Cette proposition de contribution s'inscrit dans le contexte d'un projet de recherche visant principalement à caractériser la demande en circuits courts alimentaires (CCA) en Wallonie et à explorer les interactions entre cette demande et les différents dispositifs organisationnels proposés aux mangeurs. Ce projet de recherche interdisciplinaire est porté d'une part, par le Centre d'Economie Sociale de HEC/ULg et, d'autre part, par le Centre d'Etudes Economiques et Sociales de l'Environnement de l'ULB.

Un circuit court est généralement appréhendé comme un système d'échange dans lequel le nombre d'intermédiaires entre le producteur et le consommateur final est réduit, voire inexistant. La définition la plus courante limite le nombre d'intermédiaire à maximum un (Aubry et Chiffoleau, 2009). Ce raccourcissement de la chaîne d'approvisionnement alimentaire peut être davantage nuancé au travers de la notion de proximité. Celle-ci se décline sous différentes formes : proximité d'accès (géographique), identitaire (les valeurs partagées), relationnelle (les interactions comme les échanges d'information) et de processus (les connaissances des manières de faire) (Prigent-Simonin et al., 2012 ; Hérault-Fournier, 2013 ; Hérault-Fournier et al., 2014). Ces nuances apportées par une approche multiforme de la proximité permettent d'explorer une large diversité d'innovations en œuvre dans les CCA.

De façon générale, cette proximité multi-facettes entre producteurs et mangeurs est perçue comme prometteuse pour dépasser les limites du système agro-alimentaire dominant, grand consommateur d'intrants extérieurs et dépendant vis-à-vis des marchés internationaux (van Der Ploeg, 2014), et ainsi rencontrer les impératifs tridimensionnels du développement durable à l'échelle territoriale (Chiffoleau et Prévost, 2012). Les innovations apportées par les CCA participent de cette façon à la transition vers un système agro-alimentaire plus durable (Stassart et al., 2012).

 

Research gap et question de recherche

Depuis plusieurs années, dans le cadre des approches dites de la transition (Geels et Schot, 2007) la question des réseaux agroalimentaires alternatifs (Goodman et al., 2012 ; Deverre et Lamine, 2010) est de plus en plus présente. Comme le soulignent Van Gameren et al. (2012), les analyses se focalisent généralement sur les acteurs issus de l'offre (les niches) et l'articulation de ces dispositifs de production alternatifs avec des acteurs institutionnels ancrés dans un régime socio-technique dominant et verrouillant. Les analyses portant sur les mangeurs comme acteurs clés des dynamiques de transition semblent donc relativement négligées. Si, à l'échelle du territoire wallon, certaines typologies des modes de distribution existent (Lefin et Boulanger, 2010 ; Leonard, 2010), celles-ci ne questionnent que très peu les espaces de rencontre entre mangeurs et producteurs. Certaines recherches traitent toutefois des modes organisationnels impulsés par la demande en se centrant sur un mode organisationnel, généralement les groupes d'achat communs (Thys, 2012 ; Plateau, 2013).

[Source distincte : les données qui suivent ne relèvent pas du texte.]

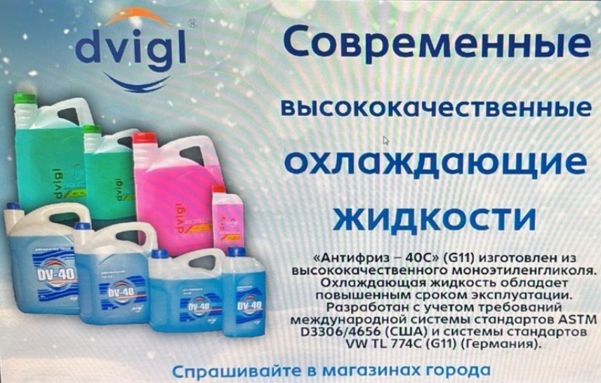 Современная охлаждающая жидкость изготовлена из высококачественного моноэтиленгликоля В лидирующей в сфере обслуживания транспортных средств компании в Костроме всегда в продаже высококачественный «Антифриз – 40С» от бренда «DVIGL». Спрашивать его можно во всех магазинах города Изготовлен «Антифриз – 40С» из высококачественного моноэтиленгликоля. Он обладает повышенным сроком эксплуатации и разработан с учетом требований международных систем стандартов США и Германии. Охлаждающие жидкости премиального качества можно купить во всех магазинах Автолиги. За новостями лидирующей компании в сфере обслуживания следите в официальной группе ВКонтакте или на официальном сайте. Реклама Erid — 2W5zFJbYddr ИНН — 4401111442 Рекламодатель — ООО «УПРАВЛЯЮЩАЯ КОМПАНИЯ «АВТОЛИГА»
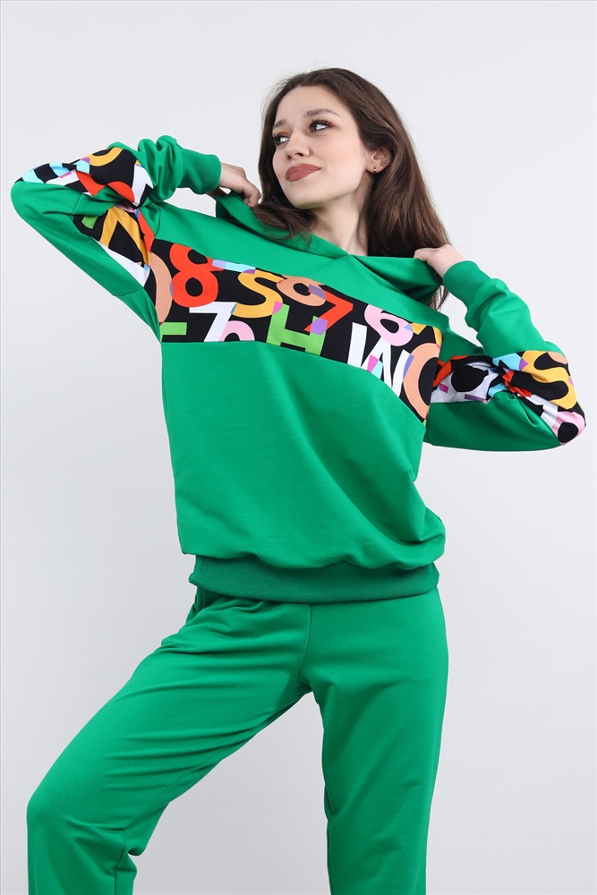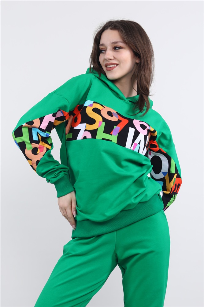 Застежка: без застежки Толстовка с длинным рукавом в стиле оверсайз. Данная модель выполнена из трикотажного полотна футер с лайкрой. Горловина, манжеты по рукавам и низ отделаны трикотажным эластичным полотном кашкорсе. На изделии присутствуют вставки из цифровой печати. Отлична модель для приятного отдыха и прогулок.
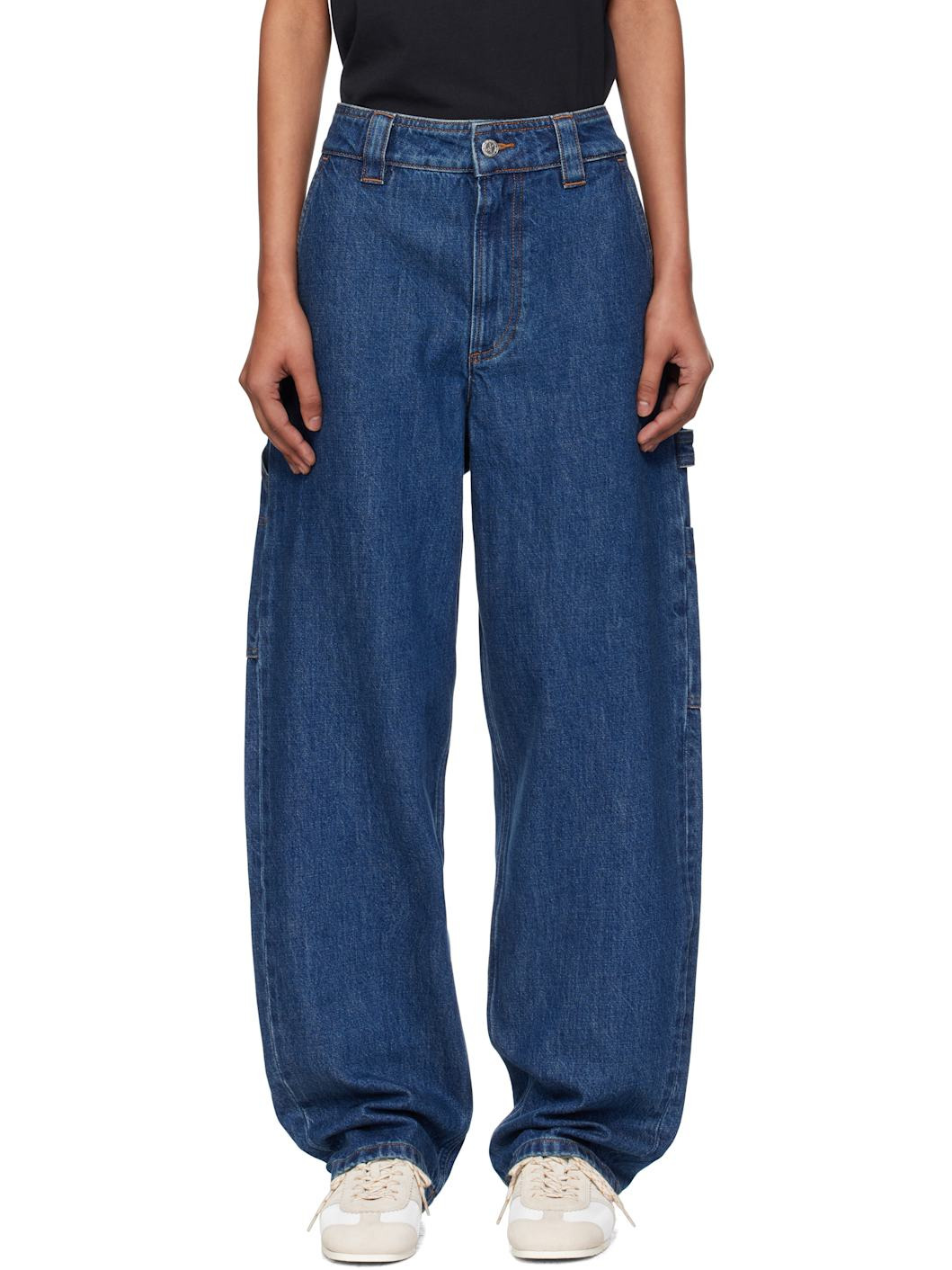 Stonewashed non-stretch organic cotton denim jeans. · Fading throughout · Loose-fit and straight-leg · Mid-rise · Belt loops · Four-pocket styling · Zip fly · Patch pockets at outseam · Hammer loop and patch pocket at outseam · Contrast stitching in tan Supplier color: Indigo delave 100% organic cotton. Made in Viet Nam 252252F069005
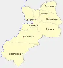 Au début du XXe siècle le gouvernement de Samara était divisé en 7 ouïezds : Bougoulma, Bougourouslan, Bouzoulouk, Nikolaïevsk, Novoouzensk, Samara et Stavropol-sur-la-Volga.

D'autres analyses insistent sur le rôle des consommateurs dans les CCA mais en se limitant fréquemment aux situations où le consommateur est considéré comme consom'acteur (Pleyers, 2011 ; Thys, 2012), reflétant nécessairement un engagement politique (Dubuisson-Quellier et Lamine, 2004; Micheletti, 2004). Au niveau belge, certaines études existent sur la demande en CCA (CRIOC, 2010 ; Crédal, 2013) ou sur la consommation alimentaire en général (Solidaris, 2013) mais ces ressources, issues de la littérature grise, ne traitent que très partiellement de l'articulation entre la demande et les multiples circuits courts proposés au consommateur.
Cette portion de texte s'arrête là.